The potential impact of using different rating systems under the counterfactual assumption that patients only presented to a top hospital for them was also considered. The precision navigation–based ranking approach resulted in significantly more hospitals being designated as a top hospital for one or more Medicare FFS beneficiary (ie, distributed or balanced the case load across a larger number of hospitals that were top ranked for specific patients). Out of 69 total hospitals visited by patients in 2018 for hip replacements, 54 were considered top-ranked hospitals for at least one patient when using precision navigation. CMS ratings resulted in 25 hospitals being top ranked. US News and Healthgrades each resulted in 27 hospitals being top ranked. Yelp-based ranking resulted in 22 hospitals being considered top ranked. Average volume and outcome resulted in 26 and 24 hospitals, respectively, being considered top-ranked hospitals for a patient.

Prior research on the use of popular ranking and rating approaches, including web-based ratings, consumer guides, and various quality ratings for physicians or hospitals, have resulted in inconsistent findings, and it is unclear which rating approach works best [5,20,21,25-28]. This retrospective study compares the performance of several different rating strategies for designating top hospitals for a large population of Medicare FFS beneficiaries who underwent elective hip replacement surgeries in the Chicago metropolitan area. The study also compared the performance of the aforementioned approaches for hospital rankings and ratings with a more personalized precision navigation–based approach that selects hospitals based on patients’ individual health characteristics.

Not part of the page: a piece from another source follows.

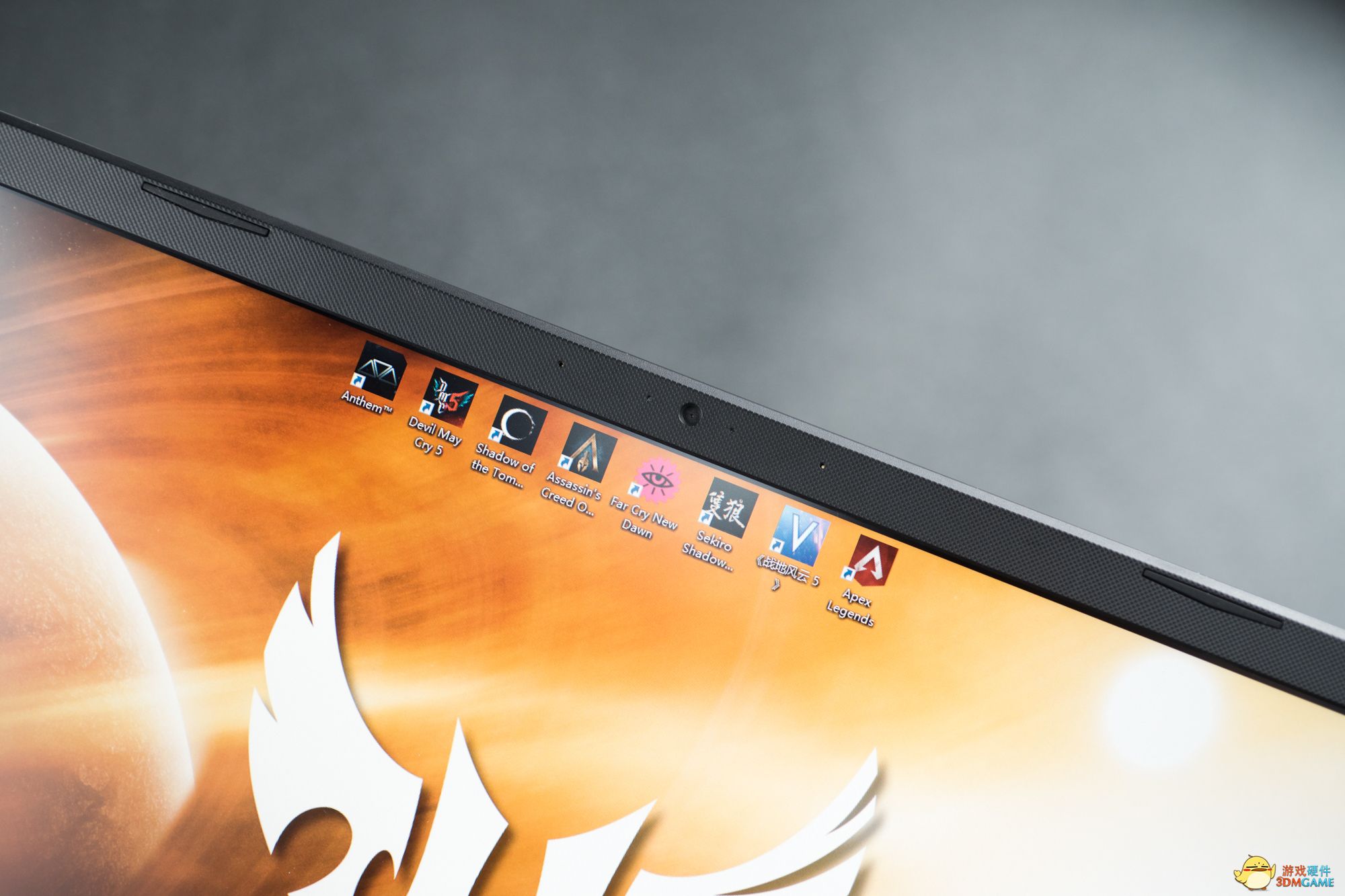 B面屏幕部分采用了窄边框设计,左右两边宽度仅有6.5mm,额头稍宽但也让摄像头等硬件得以保留在一个正常的位置上。这是一块IPS面板,可视角度不必担心,规格为1080p@120Hz刷新率。这样的参数在飞行堡垒7000元左右的售价横向来看,也是比较少见的,这也是我们认为这款产品性价比高的第一点。
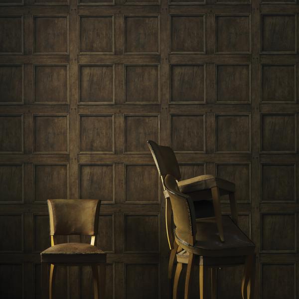 Het Andrew Martin behang Regent is een stijlvol behang met houten panelen.

Overall, several approaches were shown to be associated with better outcomes and lower TCOC when patients presented to a top hospital based on the respective ranking approach. These included CMS quality stars and precision navigation–based rankings, with top-ranked hospitals achieving improved outcomes and TCOC for hip replacement using both propensity-adjusted and nonadjusted analyses. The greatest improvements were observed for precision navigation–based rankings, which were more consistently associated with reductions in 90-day postprocedure hospitalization rate, ED admission rate, and TCOC in each analysis.

Prior research has resulted in an inconsistent correlation between outcomes and ratings in top-ranked hospitals. For example, Cram et al [29] showed no significant differences in total knee arthroplasty outcomes in top-ranked and non–top-ranked hospitals using the US News rankings. Studies in other surgical subspecialties, such as cardiac surgery, found only a weak correlation between online ratings and perioperative mortality [25]. Osborn et al [27] showed a significant correlation between favorable rankings and lower mortality rates associated with various major surgical procedures. However, use of mortality as a surrogate for outcome may not reflect other pertinent outcomes that occur with higher frequency, such as postprocedure hospital admissions or ED visits.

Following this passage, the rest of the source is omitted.